If a seller sold half the amount and $\frac12$ a unit to each customer, and ended up selling the entire stock. How many units were sold?
Proceed backward: add half a cheese and double, four times.
$$0\to1\to3\to7\to15.$$
Working forward with $x$ amount of cheese:
having served the first customer
$$\frac x2-\frac12=\frac{x-1}2$$
having served the second customer
$$\frac{x-1}4-\frac12=\frac{x-3}{4}$$
having served the third customer
$$\frac{x-3}{8}-\frac12=\frac{x-7}8$$ having served the fourth customer
$$\frac{x-7}{16}-\frac12=\frac{x-15}{16}=0.$$
From the last step:
$$x=15.$$
I would work backwards.
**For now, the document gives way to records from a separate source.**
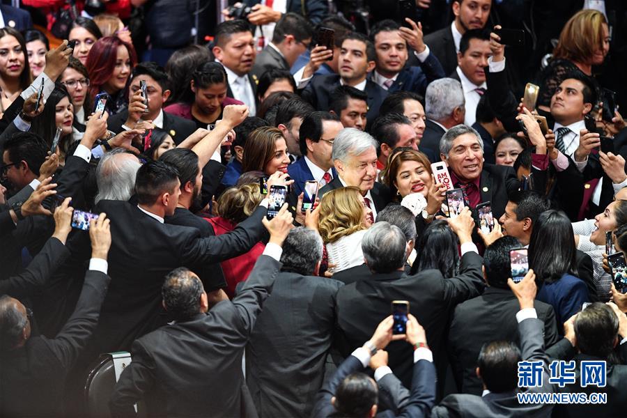 12月1日,在墨西哥首都墨西哥城,安德烈斯·曼努埃尔·洛佩斯·奥夫拉多尔(中)在总统权力交接仪式前与支持者互动。 当日,墨西哥当选总统安德烈斯·曼努埃尔·洛佩斯·奥夫拉多尔从恩里克·培尼亚·涅托手中接任总统一职,正式成为墨西哥总统。 新华社记者辛悦卫摄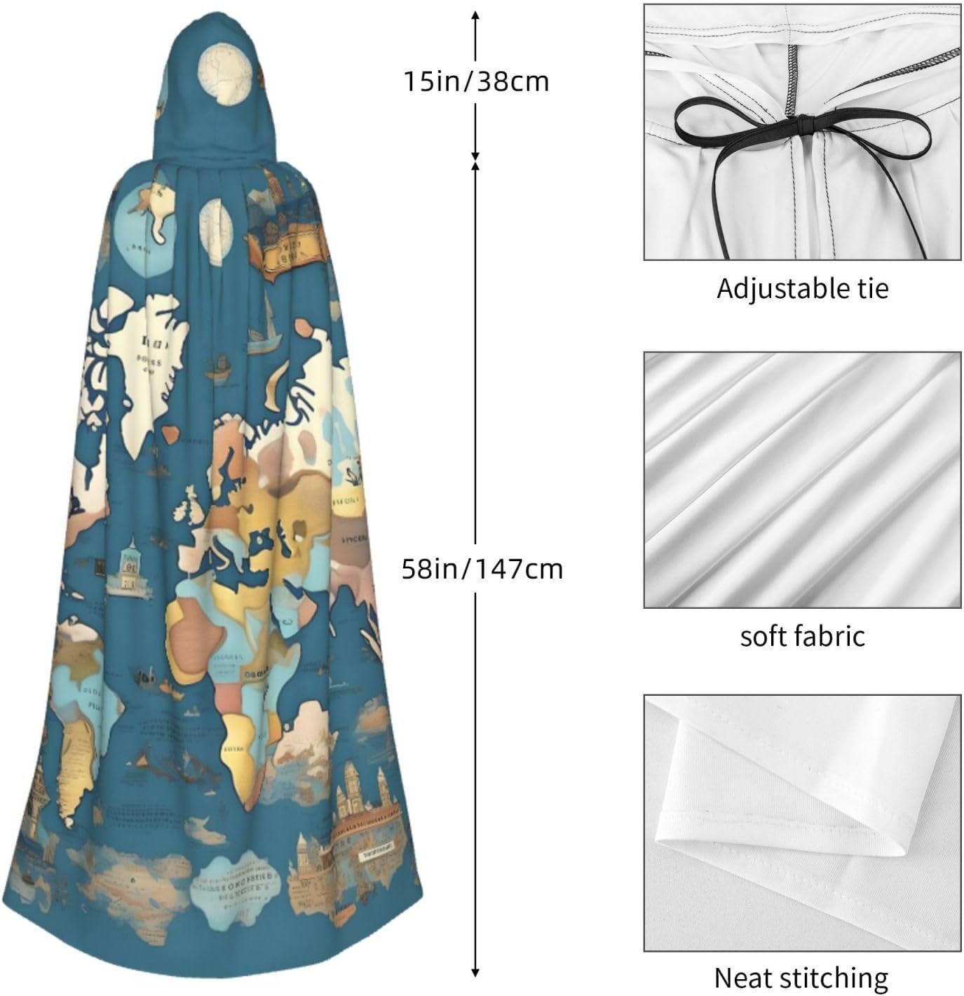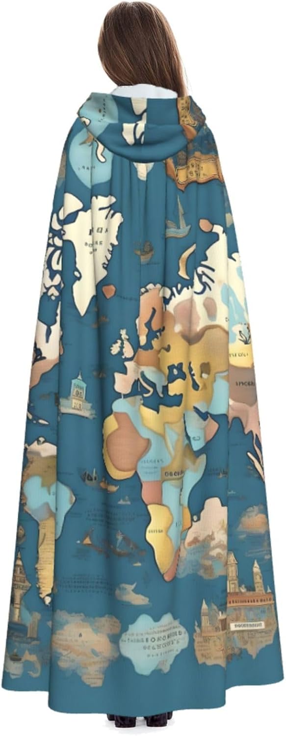 Realizzato in poliestere, questo mantello con stampa di mappa del mondo con cappuccio garantisce longevità e comfort. Le sue dimensioni ottimali assicurano una copertura completa per tutte le età, facendoti risaltare in qualsiasi evento. Che tu sia diretto per Halloween, un evento cosplay, un costume da palcoscenico, una festa in maschera, una festa a tema, un ballo o una convention di fumetti, questo mantello è una scelta ideale. Il suo design unico, completo di un grande cappuccio e cravatte collare. Inoltre, puoi dire addio ai metodi di pulizia complicati. Questo mantello con cappuccio con stampa con mappa del mondo è lavabile in lavatrice e a mano, offrendo una cura senza sforzo. Esci con stile e comfort con il nostro mantello con cappuccio, il tuo compagno per tutti gli eventi e le occasioni.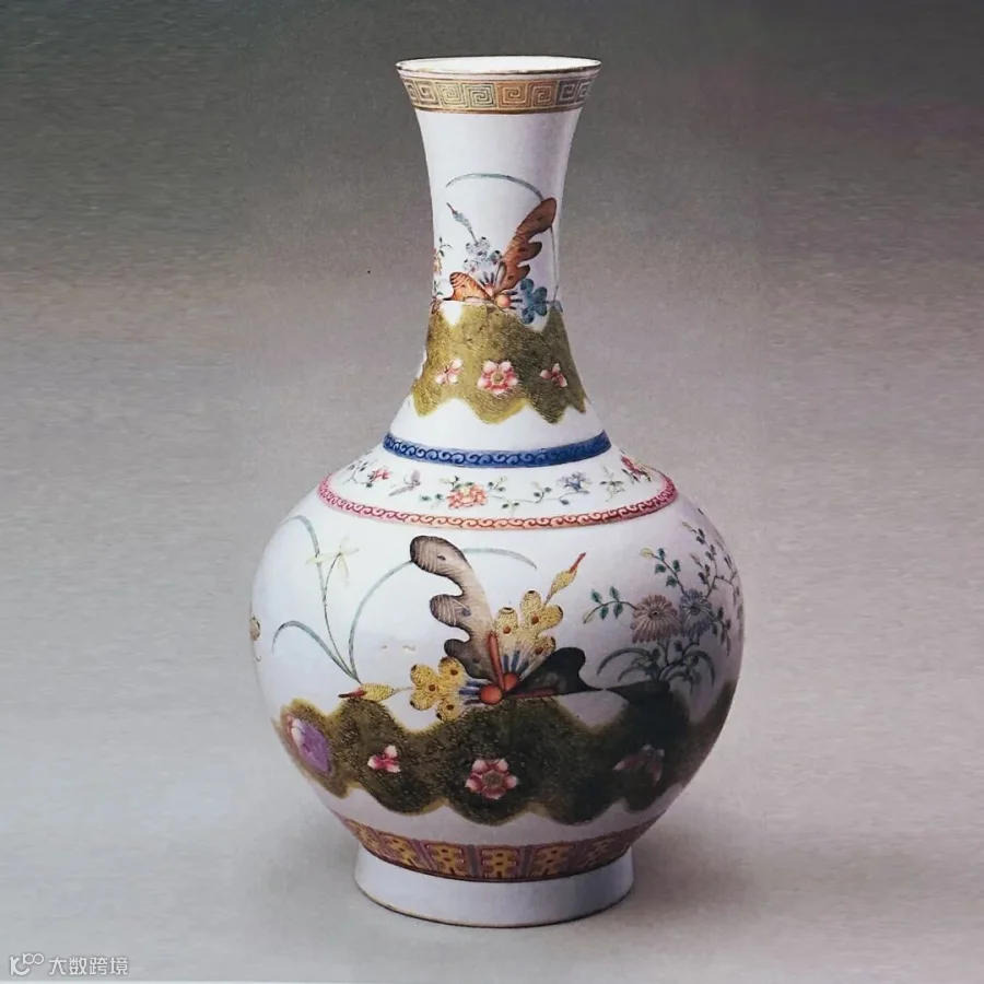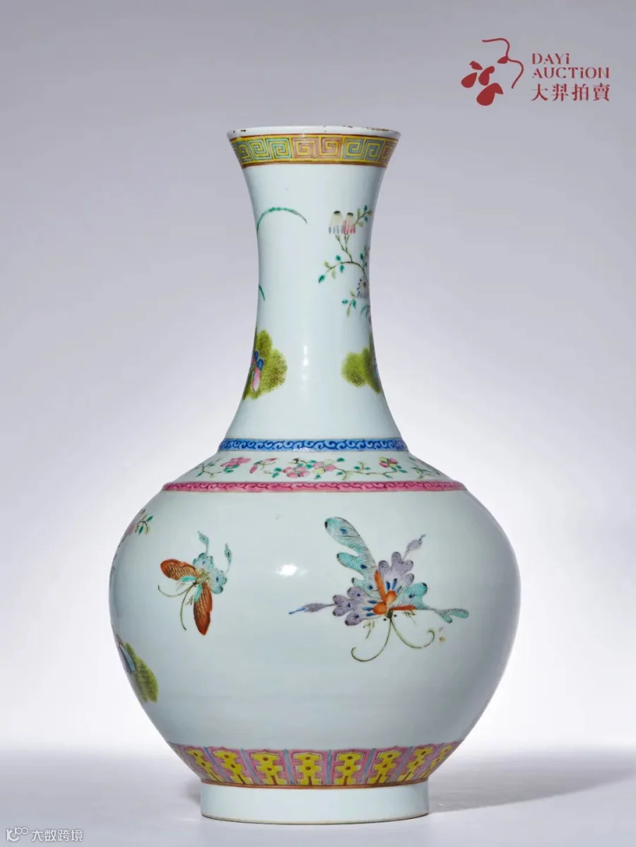 此件赏瓶形制规整端庄,胎釉精良,莹白温润。器身绘蝶恋花纹为主题纹饰,所见彩蝶翩翩起舞,翅羽华丽,笔意工整,描绘流畅生动,宛若趣意盎然的国画小品。“蝶”与“耋”谐音,因此百蝶寓有“寿至耄耋”之意。整器构图繁密有序,笔意工整细致,设色丰富,敷彩精准,衬以纯白釉地,明快妍丽,一派生机盎然。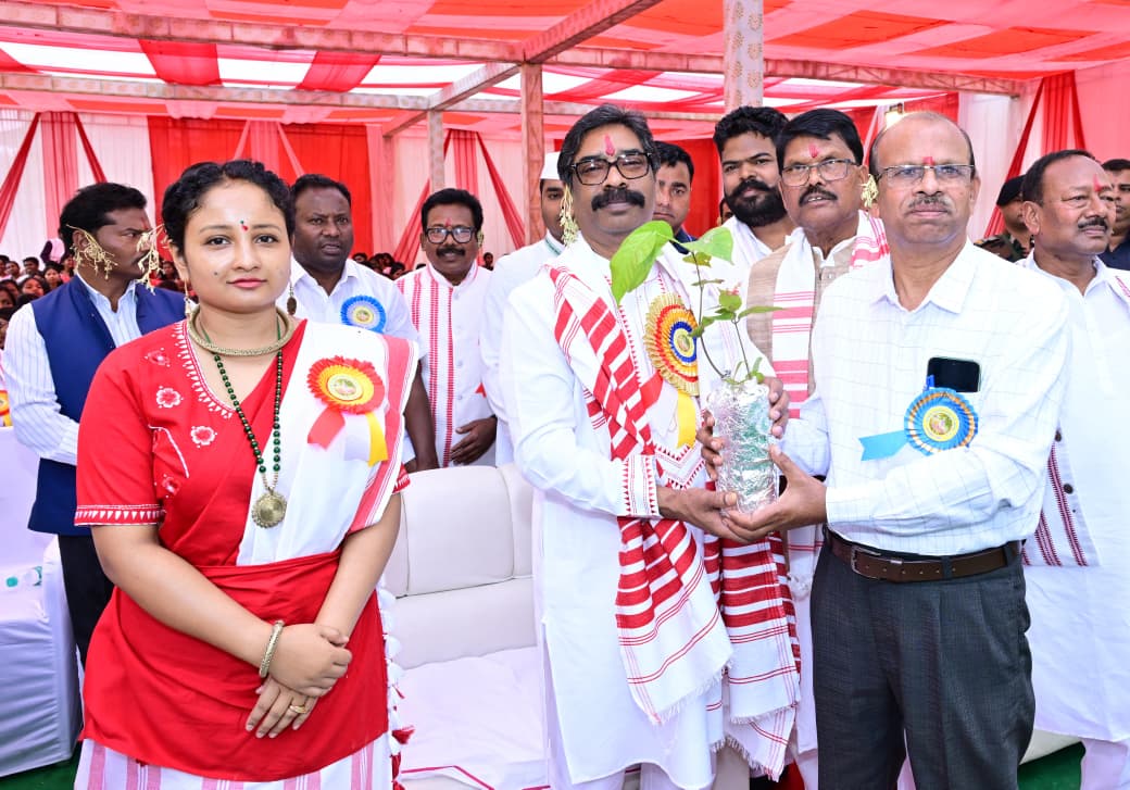कार्यक्रम के दौरान मुख्यमंत्री ने मांदर बजाकर लोगों का उत्साह और बढ़ा दिया। इस दौरान लोग पारंपरिक अंदाज में झूमते नजर आए और सरहुल का जश्न पूरे जोश के साथ मनाया गया।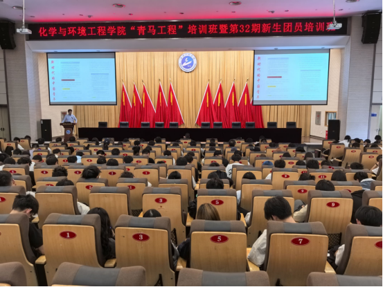 在四教报告厅举行“青马工程”培训班暨第32期团员培训班开班仪式。院党委副书记许守飞、团委书记李杨、团委干事张光宇、各团支部学生骨干、团员代表以及24级全体新生参加本次开班仪式。仪式由李杨主持。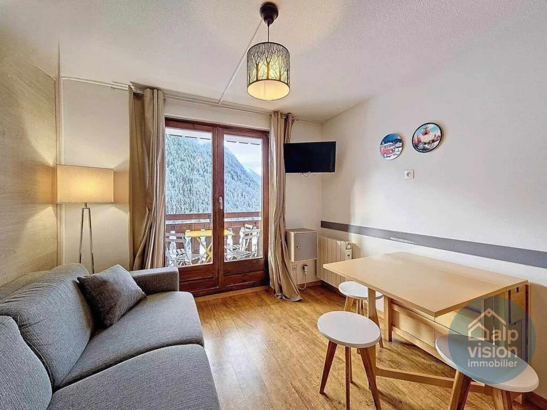 On the ground floor of a co-owned property without lift (97 lots in 3 buildings) 300 m from the Chatel centre, 22 m² flat.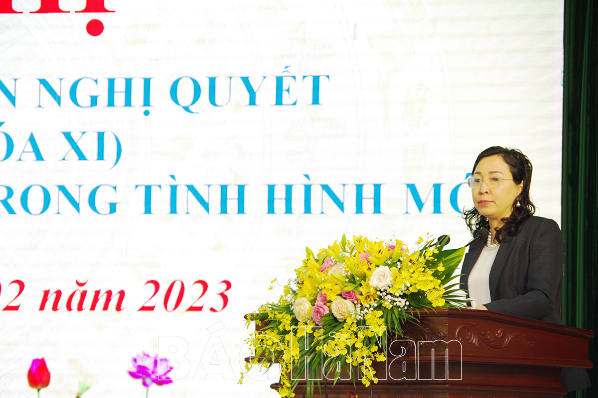 Đồng chí Đinh Thị Lụa, Phó Bí thư Thường trực Tỉnh ủy phát biểu chỉ đạo tại hội nghị.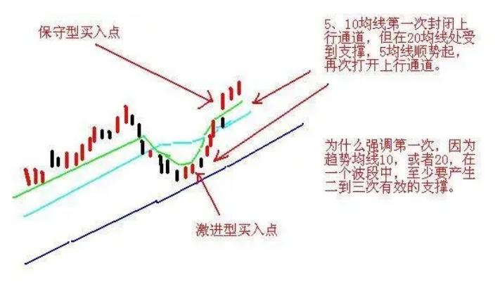 条件1、均线处于上升中,2、 5、10均线第一次封闭通道下行,K线在20均附近止跌。
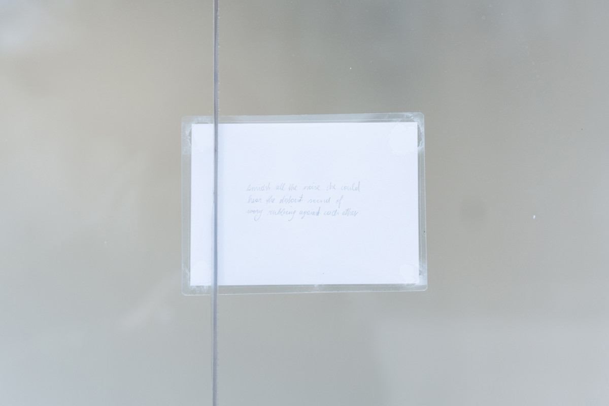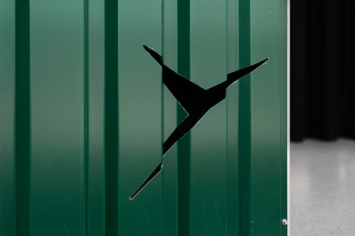 audio recording (10min, looped), trapezoidal steel, aluminumprofiles, edge protectors, 8-nuts, M8 cylinder screws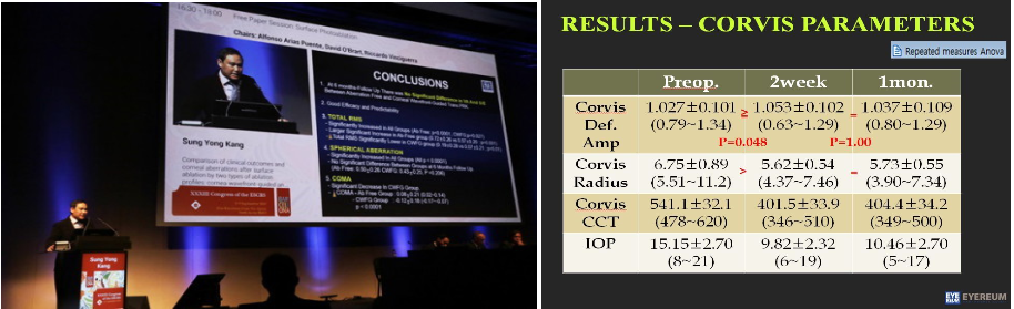또한 아이리움안과의 이번 발표를 통해 각막의 강성도(Stiffness)가 수술 후에도 수술 전과 동일하게 유지되는 효과를 설명했는데요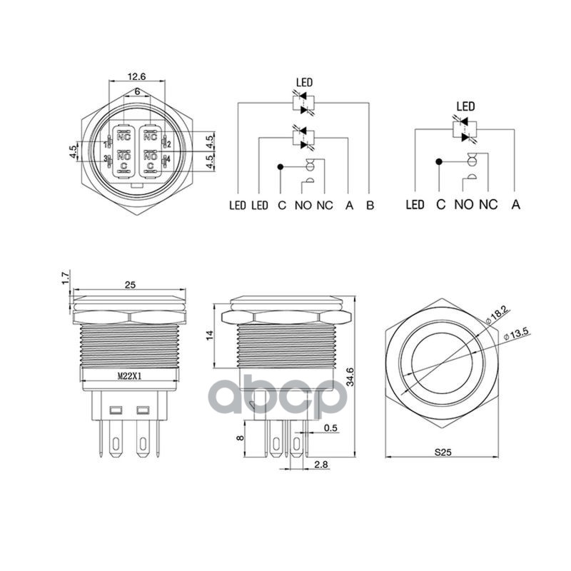 Наименование: REXANT Кнопка антивандальная 22 12в(led) б фикс (5с) off-(on) on-(off) подсв син
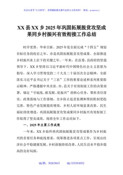 / XX县XX乡2025年巩固拓展脱贫攻坚成果同乡村振兴有效衔接工作总结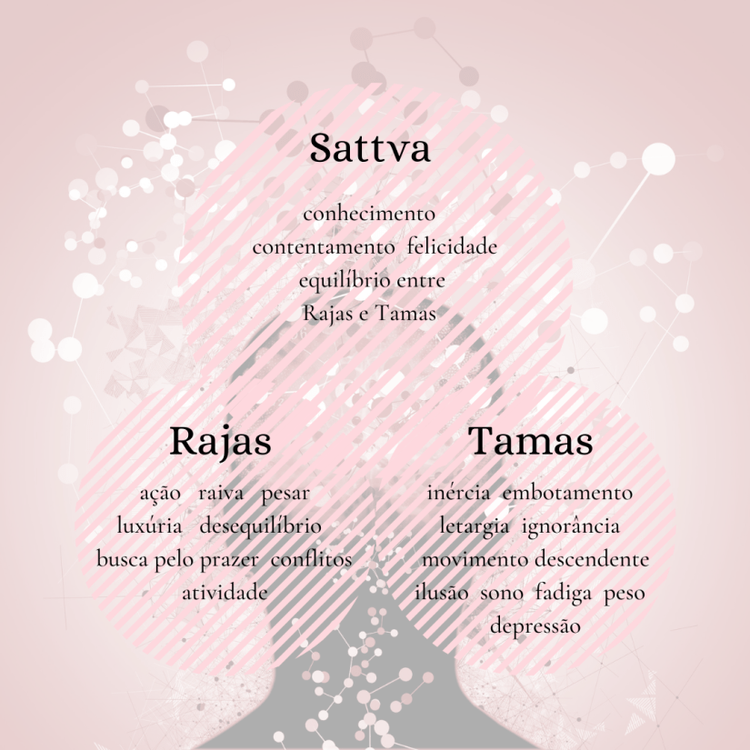 - Sattva: nem quente, nem frio, nem úmido, nem seco, leve, sutil, móvel, incisivo, macio, suave, límpido.

So the last buyer bought half a cheese plus half of what was left, and that was the end of the cheeses, meaning that if $x_4$ was the amount of cheese that was left right before the fourth buyer, we have:
$$x_4-\frac{x_4}{2}-\frac{1}{2}=0$$
From this, we can quickly get that $x_4 = 1$, i.e. there was $1$ cheese left before the last buyer.
OK, so moving on to the third buyer:
$$x_3-\frac{x_3}{2}-\frac{1}{2}=x_4=1$$
meaning that $x_3=3$, i.e there were $3$ cheeses left before the third buyer bought their cheese.
...can you take the last two steps?